*** Supplied information ***

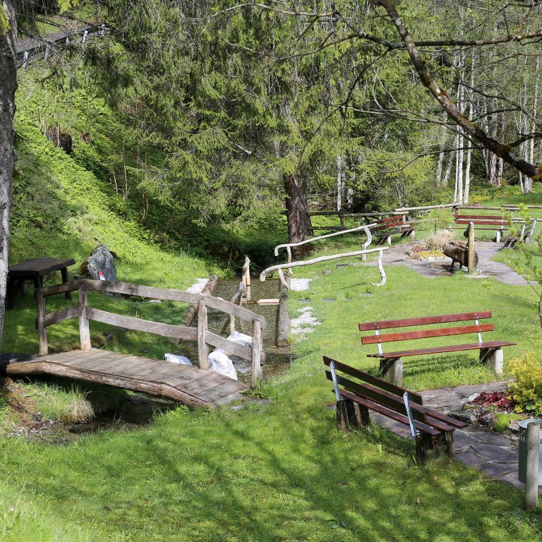 Angekommen an der Kneippanlage Brönna erfrischt das kristallklare Bergwasser die angestrengten Füße der Wanderer. Der zauberhafte Platz bietet eine Wassertretanlage direkt im Bach, ein Armbad im Brunnen und Holzbänke zum Entspannen und Ausruhen – mit Blick auf liebevoll angelegte Blumenbeete. Auch die beiden Kinder Anna und Aaron lieben diese abwechslungsreichen Ausflüge. Und Akira, der Hund der Familie, kann sich nach Herzenslust austoben, abkühlen und Spannendes erschnüffeln.
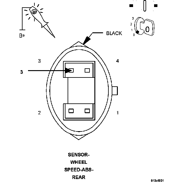 2. Using a 12-volt test light connected to 12 volts, probe the (B3) Left Rear WSS Signal circuit.
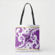 Vit och Lila, blommande Guld Gräns Monogram Tygkasse

***

What you have to do: Word for word, retype the material above without its pictures.

Written response:
 Angekommen an der Kneippanlage Brönna erfrischt das kristallklare Bergwasser die angestrengten Füße der Wanderer. Der zauberhafte Platz bietet eine Wassertretanlage direkt im Bach, ein Armbad im Brunnen und Holzbänke zum Entspannen und Ausruhen – mit Blick auf liebevoll angelegte Blumenbeete. Auch die beiden Kinder Anna und Aaron lieben diese abwechslungsreichen Ausflüge. Und Akira, der Hund der Familie, kann sich nach Herzenslust austoben, abkühlen und Spannendes erschnüffeln.
 2. Using a 12-volt test light connected to 12 volts, probe the (B3) Left Rear WSS Signal circuit.
 Vit och Lila, blommande Guld Gräns Monogram Tygkasse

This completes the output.